■ **TASK PROMPT**
What is needed is an exact repeat of the lines from the one holding "8 colores Cuerpo" through the final line of the data, with no pictures.

■ **GIVEN MATERIAL**

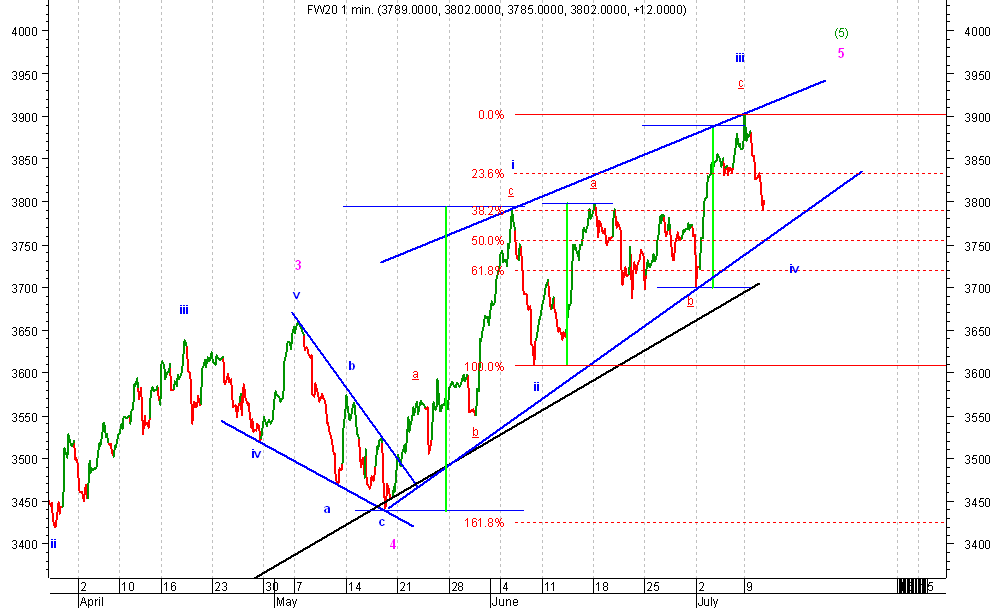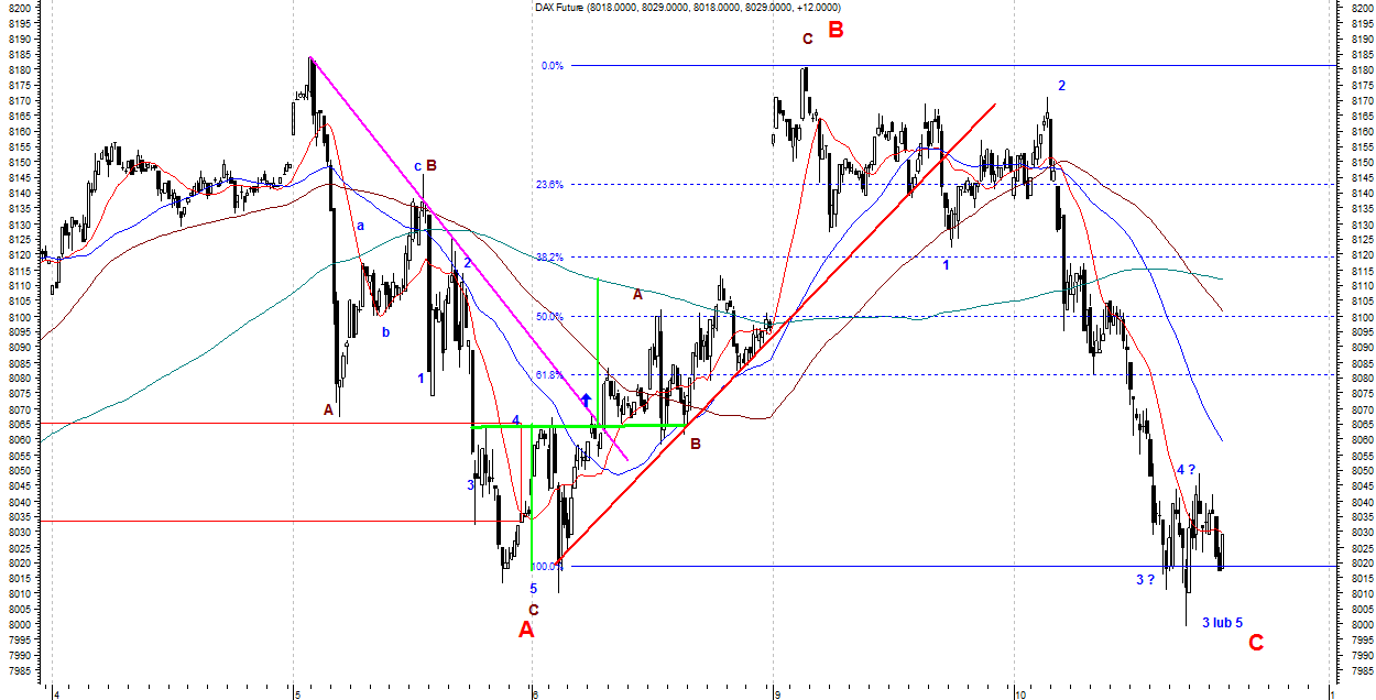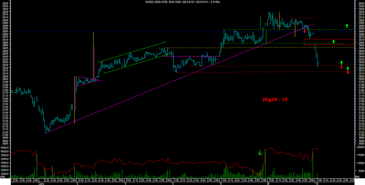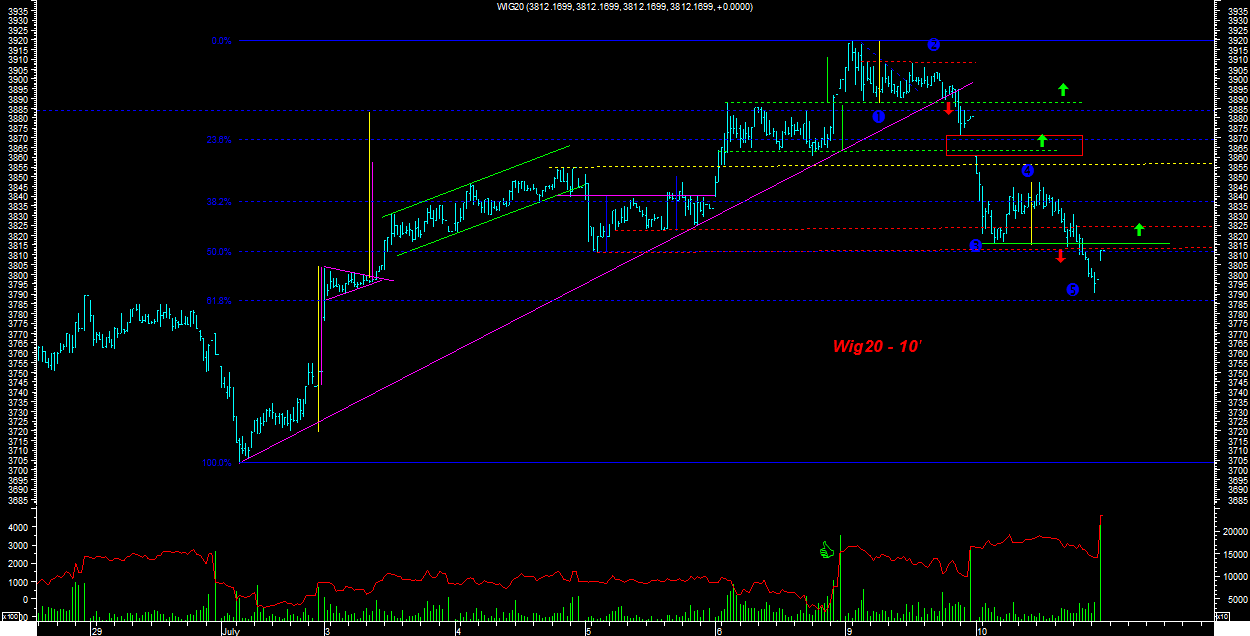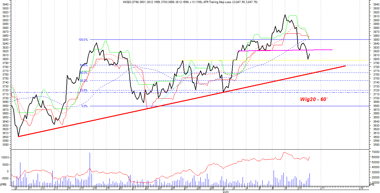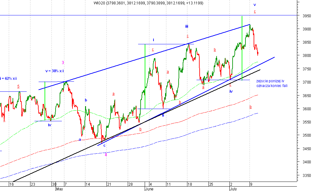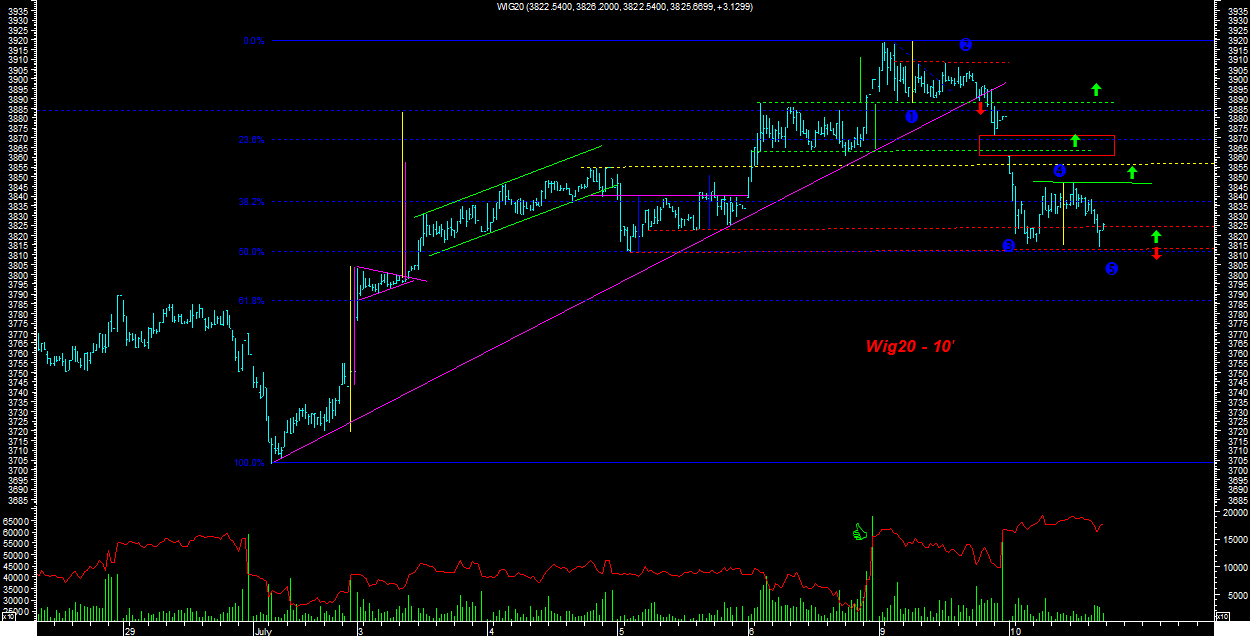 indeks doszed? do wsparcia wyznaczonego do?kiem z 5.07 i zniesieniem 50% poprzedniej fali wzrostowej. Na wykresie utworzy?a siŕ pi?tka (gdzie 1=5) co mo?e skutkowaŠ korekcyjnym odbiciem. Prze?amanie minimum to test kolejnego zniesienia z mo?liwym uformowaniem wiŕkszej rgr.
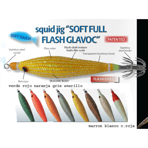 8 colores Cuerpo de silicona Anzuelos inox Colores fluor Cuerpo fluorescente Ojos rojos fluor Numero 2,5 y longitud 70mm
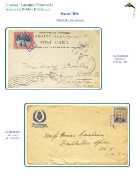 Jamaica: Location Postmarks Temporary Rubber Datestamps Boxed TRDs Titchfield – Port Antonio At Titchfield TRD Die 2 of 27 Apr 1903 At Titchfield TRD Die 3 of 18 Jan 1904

■ **EXERCISE RESULT**
 8 colores Cuerpo de silicona Anzuelos inox Colores fluor Cuerpo fluorescente Ojos rojos fluor Numero 2,5 y longitud 70mm
 Jamaica: Location Postmarks Temporary Rubber Datestamps Boxed TRDs Titchfield – Port Antonio At Titchfield TRD Die 2 of 27 Apr 1903 At Titchfield TRD Die 3 of 18 Jan 1904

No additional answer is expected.